Last week, however, McMillan was sounding like a card-carrying member of the ACLU as he tried to fend off City Council's attempt to censure self-described "satirist" Howard Stern for his witless mockery of Selena and Mexican-Americans. Pushed by Ben Reyes, the Council passed, by a 13-1 vote, a non-binding resolution asking that Warner Cable cancel one of its offerings, the E! Entertainment Television, unless the network canceled the video version of Stern's radio show that it carries six nights a week. (It's arguable that the Council could probably find something better to do, but as Mayor Bob Lanier correctly noted, there was nothing wrong with councilmembers using their pulpit to express community outrage at Stern's remarks.)

In explaining why his company couldn't accommodate the Council's request, McMillan pointed out that the E! network had voluntarily decided not to run the Stern show that included his remarks about Selena. He also noted that Warner Cable is contractually prohibited from censoring or blacking out any program on any of the networks or channels carried on its system. (Although according to a Federal Communications Commission spokesman, the only cable censorship that the FCC prohibits by law is of programming on public access channels.)

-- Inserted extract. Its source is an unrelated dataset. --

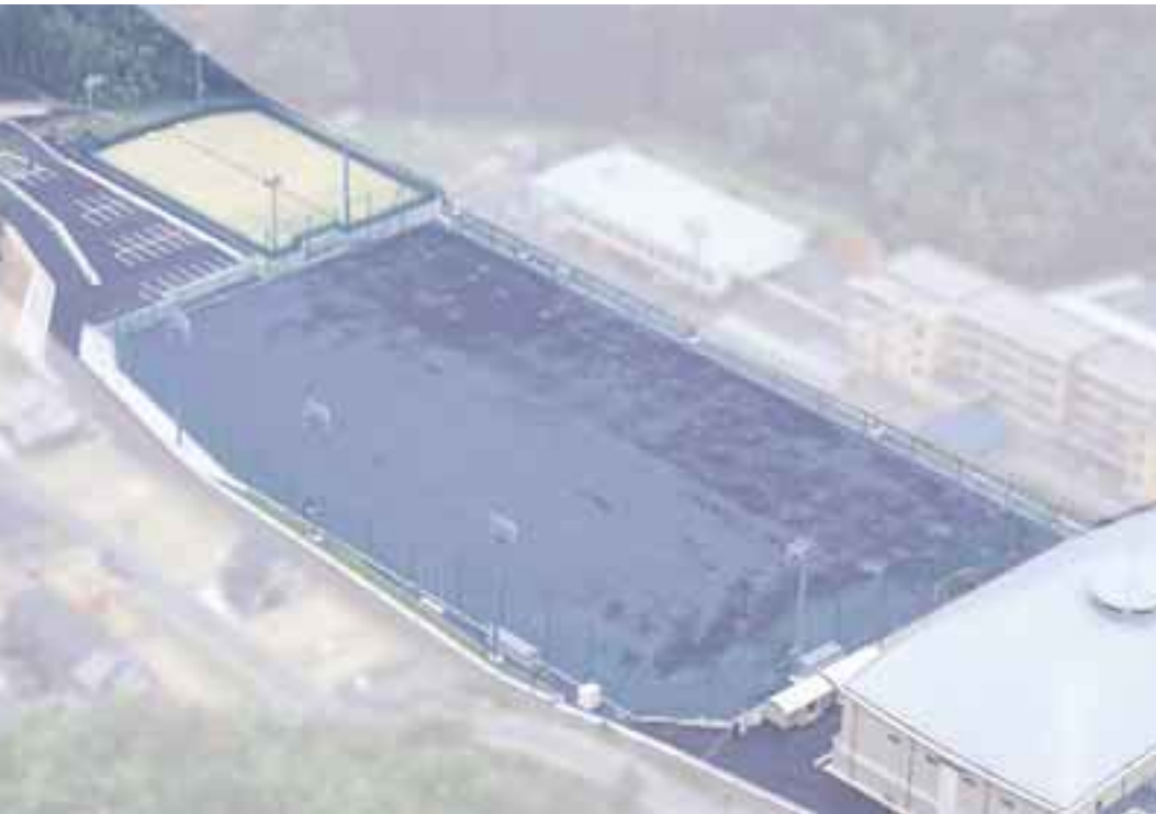
山県市総合運動場(現高富町総合運動場)

But, niggling legalisms aside, McMillan warned the Council that there was a larger concern at stake. "At issue here," he lectured, "is who decides what we watch on TV. Your resolution proposes that the city decide, or maybe you want us to decide. Do we take off everything that anyone finds offensive? Or do we take off only what some groups find offensive? I can tell you that if we start taking off programs that someone or group finds offensive, there won't be anything left on television!" (A world too cruel to contemplate, no doubt.)

And while he personally finds Howard Stern and Beavis and Butt-head offensive, "what is offensive to one segment of our society is not offensive to others," McMillan said.

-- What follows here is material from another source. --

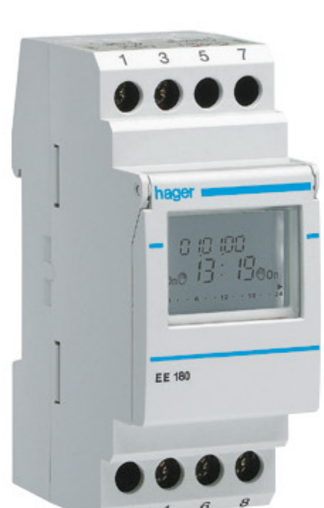
Programador digital astronómico

Of course, when what's offensive to a "broad cross-section" of the community is on the non-commercial Public Access Channel, which Warner provides as part of its contract with the city, it's okay for the cable company to exercise some discretion in what it carries into subscribers' homes. When it's the uplifting Howard Stern show on the intellectually stimulating E! Entertainment network, half of which is owned by Warner Cable's parent company, Time Warner Entertainment, asking the cable company to exercise some discretion in deference to community standards is tantamount to a trampling of the First Amendment.

Warner Cable's hypocrisy didn't go unnoted by James Moran, the artist whose music video drew Warner's red pencil in 1993 and led to revised programming standards on the Public Access Channel.

"I think," Moran says, "that they defend the First Amendment whenever it's convenient."